Jurisdiction body in Bosnia and Herzegovina

Constitutional Court of the Federation of Bosnia and Herzegovina (Ustavni sud Federacije Bosne i Hercegovine) was established by the Constitution of the Federation of Bosnia and Herzegovina entity in Bosnia and Herzegovina, which guarantees its respect and implementation. It functions alongside the state-wide Constitutional Court of Bosnia and Herzegovina and the corresponding subnational Constitutional Court of Republika Srpska.

The operation is based on the provisions of the Constitution of the Federation and the Law on Procedure before the Constitutional Court of the Federation of Bosnia and Herzegovina. Its seat is in Sarajevo.

== History ==
It was established on March 30, 1994, at the session of the Parliament of the Federation of Bosnia and Herzegovina. With the Article IV.C.1.1. (2) of the Federation Constitution, the courts of the Federation of Bosnia and Herzegovina were established, namely: Constitutional Court of the Federation of Bosnia and Herzegovina, Supreme Court of the Federation of Bosnia and Herzegovina, and Court for Human Rights of the Federation of Bosnia and Herzegovina. The provisions of the Constitution prescribe the composition, jurisdiction, persons authorized to submit requests, as well as the effect of the decisions of the Constitutional Court, the basic rights and obligations of the parties in proceedings before that institution.

Article IX c) of the Constitution stipulates that for the first five years after its entry into force, three judges of the Constitutional Court of the Federation, who will be foreigners and who are not citizens of any neighboring country, will be appointed by the President of the International Court of Justice after consultation with the President and Vice President of the Federation of Bosnia and Herzegovina. Milan Bajić, Mirko Bošković, Muamer Herceglija, Omer Ibrahimagić, Katarina Mandić and Draško Vuleta were appointed as the first domestic judges on September 30, 1994, and their appointment was confirmed by the Constituent Assembly (i.e.. Federal Parliament) at its session on November 9 of that same year. Local judges were sworn in on the same day. Three foreign judges, Bola Ajibola, Abdalah Fikri al-Hani and François Rigaux, were appointed on 22 February 1995, when the Constitutional Court of the Federation was finally completed. The constituent session of the Constitutional Court was held on January 10, 1996, and the first president of the Constitutional Court was Omer Ibrahimagić.

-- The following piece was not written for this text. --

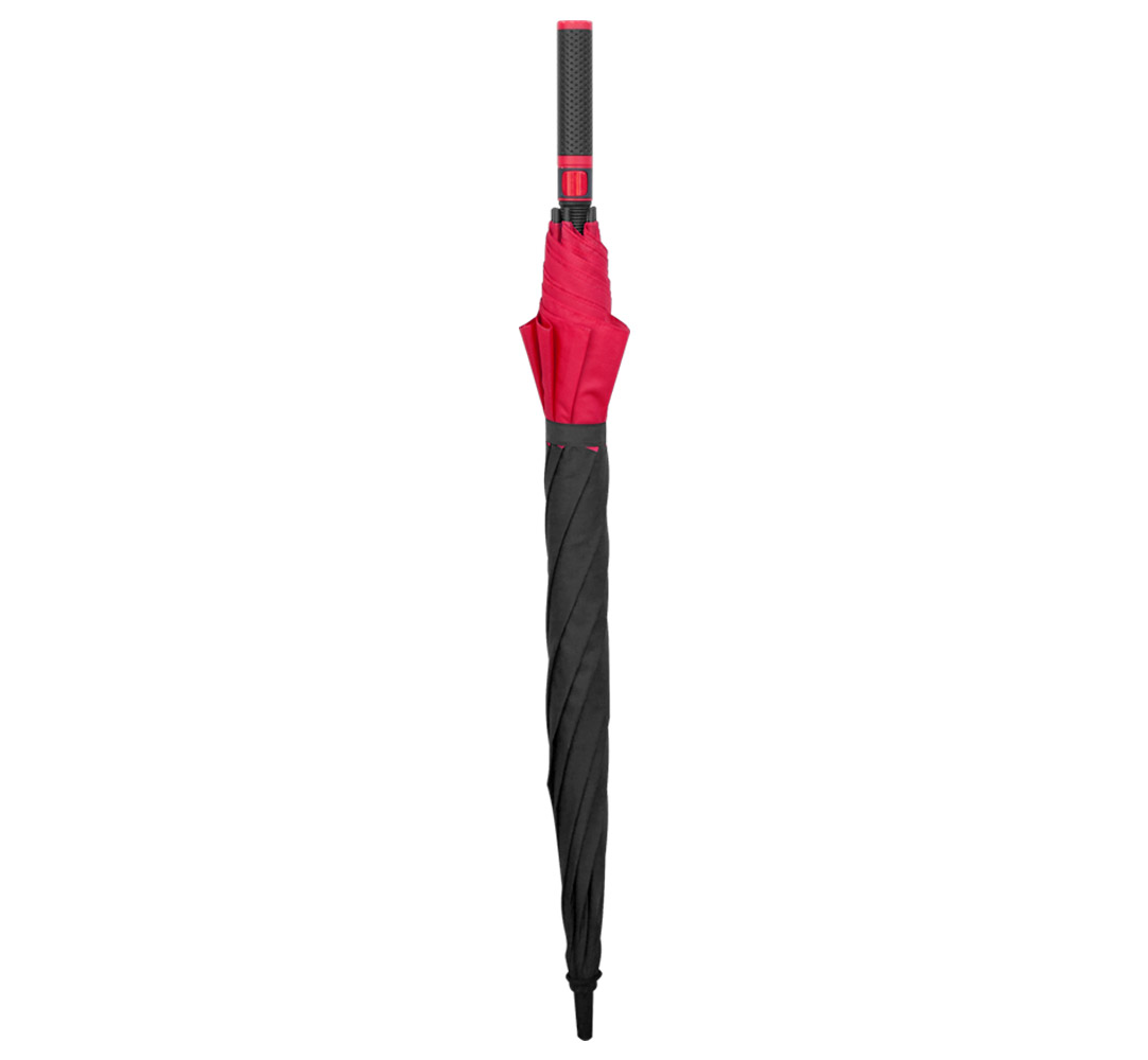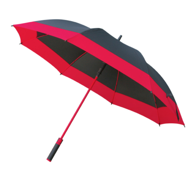 8-panel umbrella with plastic handle, fiberglass shaft and rib, and automatic opening.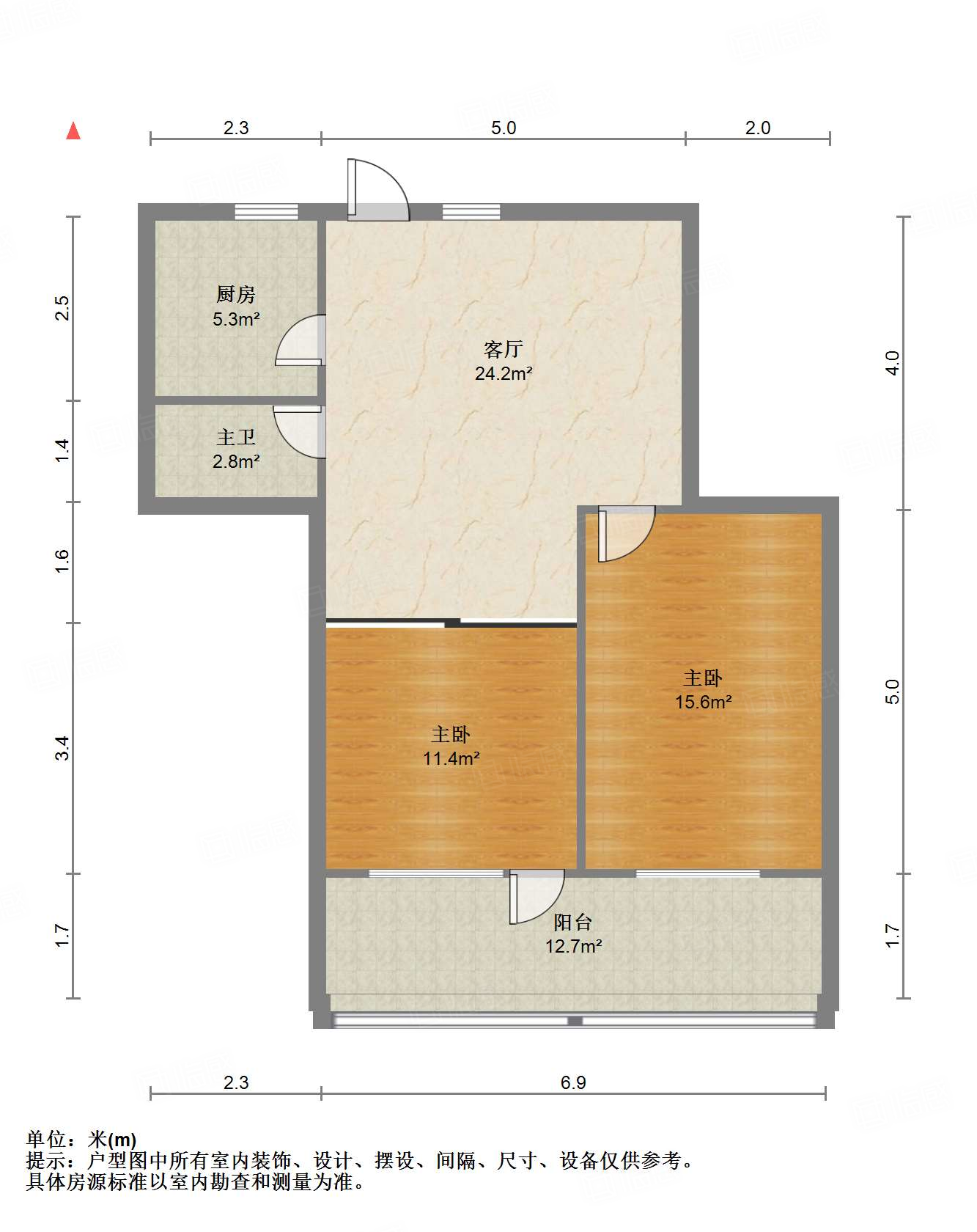 户型方正,南北通透,两室朝阳;布局合理,面积没有浪费;

As originally stipulated, an equal number of judges came from Bosniak and Bosnian Croat nations, with a proportional representation of judges from other nations. After the constitutional amendments of 2002, the Council for the Protection of Vital National Interests was established, as the final authority in deciding on matters of vital national interests of the constituent peoples. The amendments also stipulate that at least two judges must be from each constituent nation and one from among others.